__Required work__:
When the line with "Politics aside, experts" turns up below, begin repeating exactly, and carry on through the line with "Rechargable Touch Lamp"; no pictures go into the copy.

__Dataset entries__:
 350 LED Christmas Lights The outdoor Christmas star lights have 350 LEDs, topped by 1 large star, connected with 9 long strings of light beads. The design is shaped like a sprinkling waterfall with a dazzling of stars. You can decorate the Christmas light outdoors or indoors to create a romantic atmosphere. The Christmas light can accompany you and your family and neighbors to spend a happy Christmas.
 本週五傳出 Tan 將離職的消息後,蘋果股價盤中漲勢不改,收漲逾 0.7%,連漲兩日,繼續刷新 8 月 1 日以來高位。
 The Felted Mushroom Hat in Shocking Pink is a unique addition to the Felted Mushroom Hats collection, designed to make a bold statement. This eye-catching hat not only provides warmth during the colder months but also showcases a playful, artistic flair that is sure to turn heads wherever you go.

==

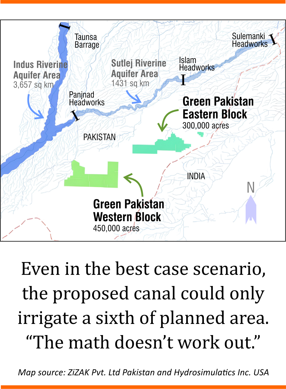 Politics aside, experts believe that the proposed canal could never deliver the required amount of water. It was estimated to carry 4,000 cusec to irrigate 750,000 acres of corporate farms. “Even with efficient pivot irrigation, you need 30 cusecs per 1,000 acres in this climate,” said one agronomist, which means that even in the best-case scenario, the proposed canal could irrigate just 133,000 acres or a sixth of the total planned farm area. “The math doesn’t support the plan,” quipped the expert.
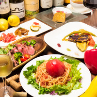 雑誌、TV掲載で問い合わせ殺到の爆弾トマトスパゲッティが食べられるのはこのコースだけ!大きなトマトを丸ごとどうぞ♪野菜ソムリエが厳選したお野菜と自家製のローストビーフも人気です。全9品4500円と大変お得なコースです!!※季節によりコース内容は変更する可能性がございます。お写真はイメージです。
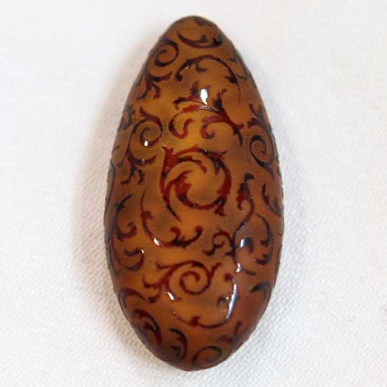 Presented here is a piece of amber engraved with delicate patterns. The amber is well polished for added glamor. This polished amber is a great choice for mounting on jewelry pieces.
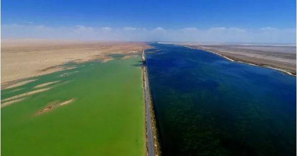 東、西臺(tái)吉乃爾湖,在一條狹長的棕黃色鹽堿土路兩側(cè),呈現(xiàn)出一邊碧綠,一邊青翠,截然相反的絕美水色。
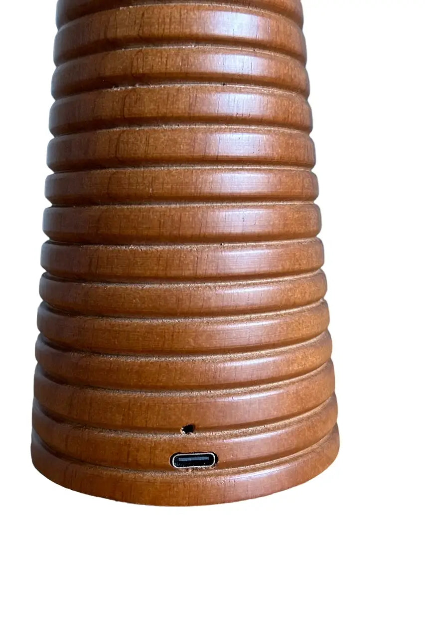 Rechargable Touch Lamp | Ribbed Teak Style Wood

==

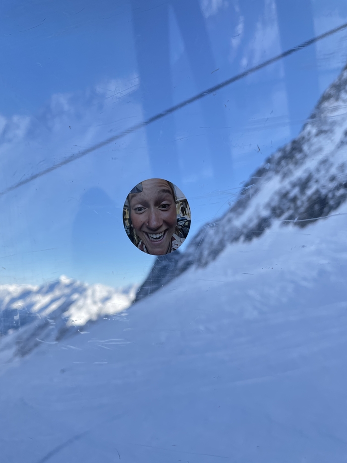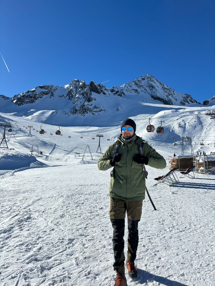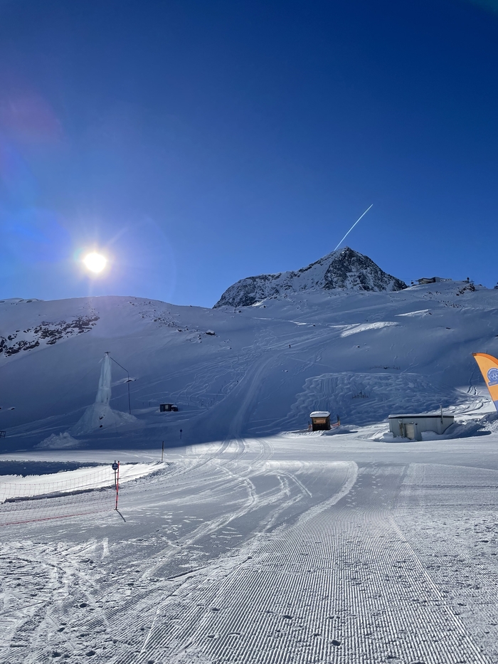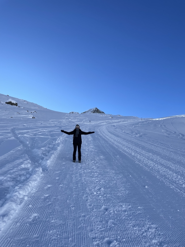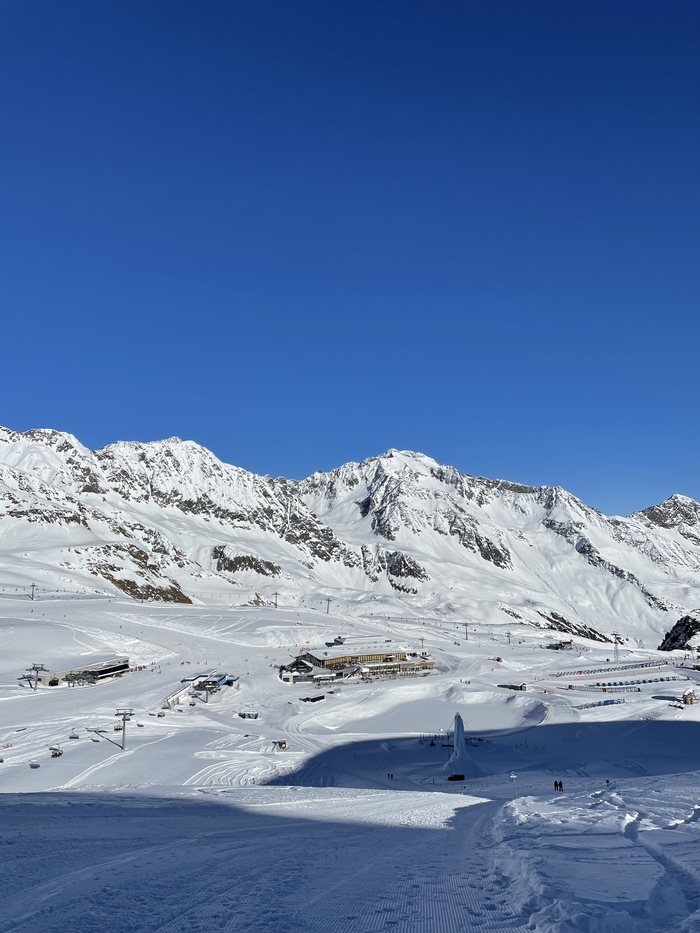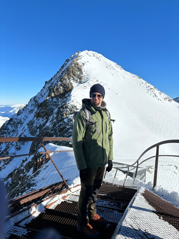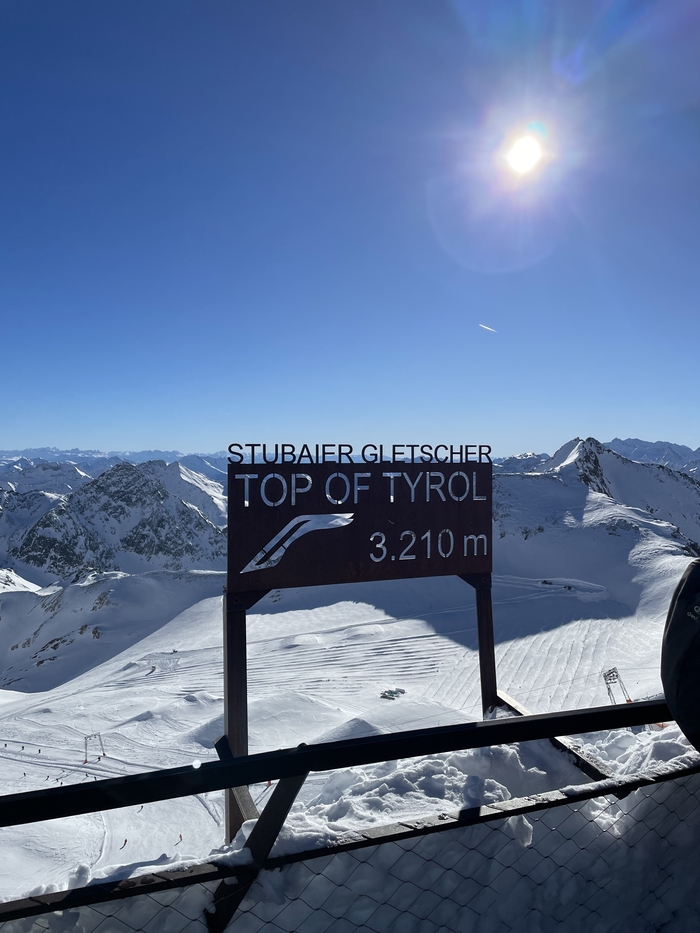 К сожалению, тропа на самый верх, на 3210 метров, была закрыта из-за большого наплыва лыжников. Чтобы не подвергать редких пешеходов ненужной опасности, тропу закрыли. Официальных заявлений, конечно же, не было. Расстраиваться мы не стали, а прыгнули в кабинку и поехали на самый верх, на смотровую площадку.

__Result of the exercise__:
 Politics aside, experts believe that the proposed canal could never deliver the required amount of water. It was estimated to carry 4,000 cusec to irrigate 750,000 acres of corporate farms. “Even with efficient pivot irrigation, you need 30 cusecs per 1,000 acres in this climate,” said one agronomist, which means that even in the best-case scenario, the proposed canal could irrigate just 133,000 acres or a sixth of the total planned farm area. “The math doesn’t support the plan,” quipped the expert.
 雑誌、TV掲載で問い合わせ殺到の爆弾トマトスパゲッティが食べられるのはこのコースだけ!大きなトマトを丸ごとどうぞ♪野菜ソムリエが厳選したお野菜と自家製のローストビーフも人気です。全9品4500円と大変お得なコースです!!※季節によりコース内容は変更する可能性がございます。お写真はイメージです。
 Presented here is a piece of amber engraved with delicate patterns. The amber is well polished for added glamor. This polished amber is a great choice for mounting on jewelry pieces.
 東、西臺(tái)吉乃爾湖,在一條狹長的棕黃色鹽堿土路兩側(cè),呈現(xiàn)出一邊碧綠,一邊青翠,截然相反的絕美水色。
 Rechargable Touch Lamp | Ribbed Teak Style Wood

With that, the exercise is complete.